Also celebrating an anniversary this year is Square Enix’s magical mix of franchises, Kingdom Hearts. Combining characters from Final Fantasy, The World Ends With You and the Walt Disney universe, Kingdom Hearts turns 15 this March. As with many of the publisher’s flagship titles, this one comes with a large and loyal fan base from across the globe. Square Enix hosted a special exhibit and Kingdom Hearts clock giveaway at Tokyo Metro Marunochisen Shinjuku Station Promenade last month, getting fans even more excited about Kingdom Hearts III, which is currently in development.

Final Fantasy turns 30 this year, hot on the heels of its successful launch of Final Fantasy XV. A special event was held in Tokyo to kick off anniversary celebrations, including special DLC for the latest title, merchandise and an HD remake of Final Fantasy VII. This past fall, Square Enix invited game developers and fans to share how the franchise affected their lives using the hashtag, #FFLegacies. The Final Fantasy XV: New Legacy campaign culminated into a video that showcased these memories and ideas, while allowing a chosen few to preview the game for themselves and showing their reactions to the camera. “By having fans share their personal experience,” Square Enix says on the campaign website, “it serves as a reminder that much like how each Final Fantasy has a completely different story, world and characters, we all bring distinctive and new perspectives to the legacy that is Final Fantasy.”

Bringing Fantasy To Life

While the live-action trailer for Final Fantasy XV brought the series to life on screen, the publisher has teamed up with Open Bionics to make science fiction a reality.

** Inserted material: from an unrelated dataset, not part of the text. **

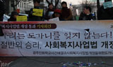 사회복지사업법(아래 사복법) 개정안이 국회 본회의를 통과한 직후 여의도 이룸센터 앞에서 법 개정에 함께한 이들이 모여 자축하고 이후 결의를 다지...
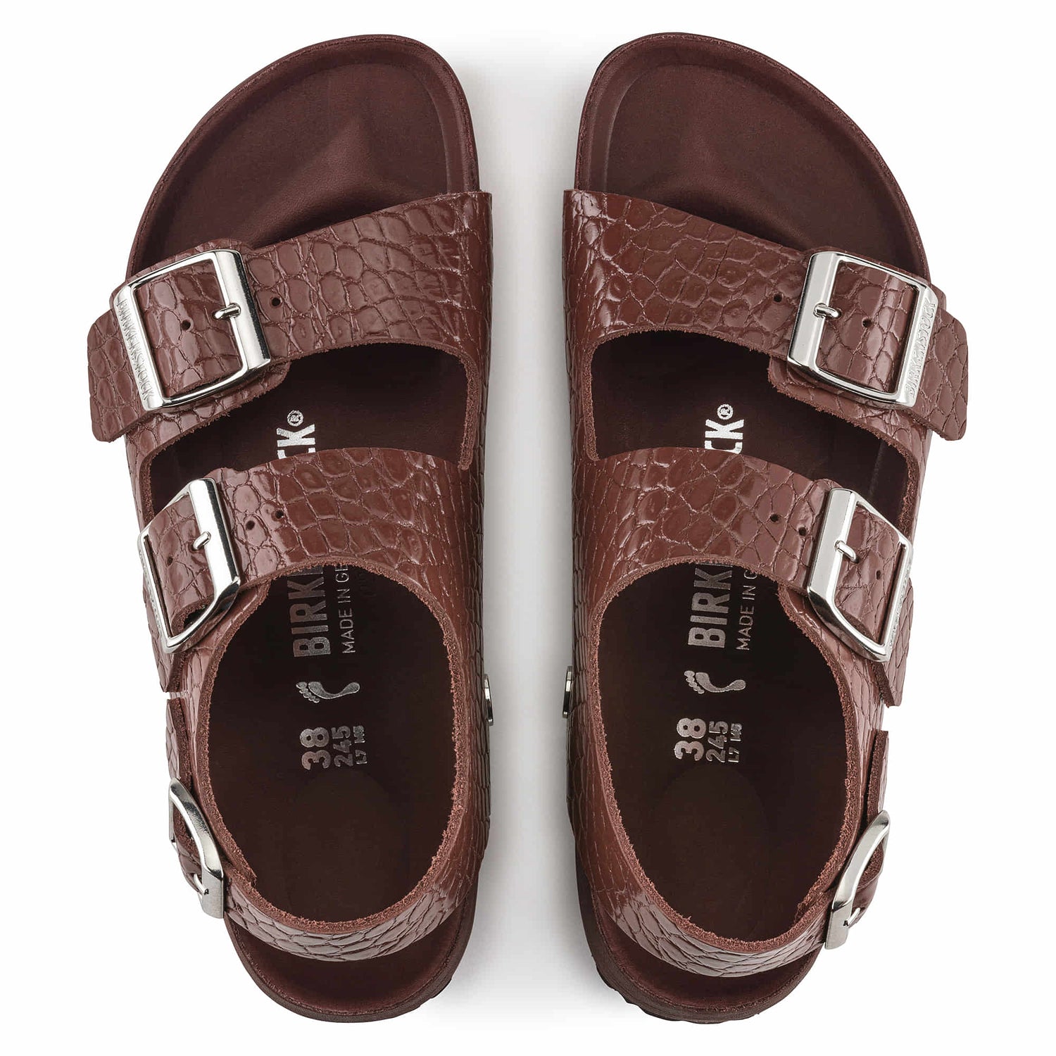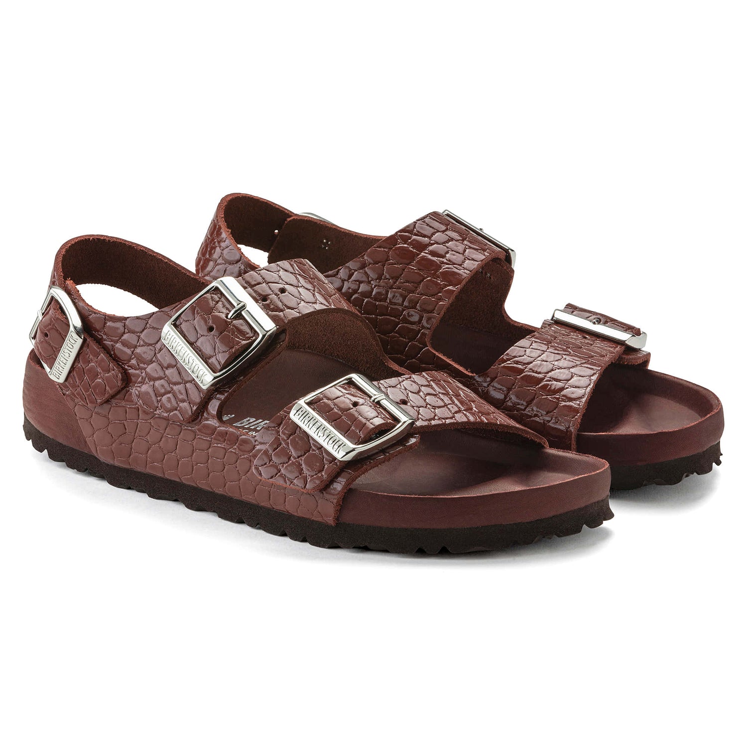 Maximum grip, stability, and a perfect fit! The BIRKENSTOCK Milano offers all of this thanks to its compact design with an ankle strap. This version boasts a reptile leather look and feel. Inspired by nature, no two shoes have the same look and feel. The color-coordinated outsole rounds off the shoes look of sophistication. The exquisite footbed is fully lined with soft piumato leather, making it exceptionally comfortable. The upper is made from embossed natural leather.

Inspired by its game Deus Ex: Mankind Divided and prompted by consumer response to fictional advertisements, the publisher decided to develop a prosthetic arm inspired by the game’s main character, Adam Jensen. A prototype of the arm, controlled using the Razer Stargazer camera, was on display at last year’s Electronic Entertainment Expo (E3) and San Diego Comic-Con to promote the game.

The real-life prosthetic was more than a publicity stunt, as the publisher teamed up with CNN’s Courageous Studio to host the Human By Design event last August. Livestreamed over Twitch, the event featured a number of experts and self-identifying cyborgs to create a forum for highlighting and discussing the real-life implications of cybernetic augmentation.

“Just sitting here today and listening to all these experts at Human by Design, and working with Deus Ex as long as I have, I can imagine that future, especially with prosthetics and the work the Open Bionics is doing,” Jon Grant, senior manager of product marketing at Square Enix told [a]listdaily at the event. “That future is closer than we think, and it might actually be here. If Deus Ex has a role in inspiring it, then I guess what they say about the franchise is true. We do have a way of predicting the future.”

By expanding its already massive Final Fantasy lore for future generations, remastering and retelling classic game stories, exploring fantasy worlds in VR or opening conversation about technological advances, Square Enix is creating a legacy for video game enthusiasts and beyond.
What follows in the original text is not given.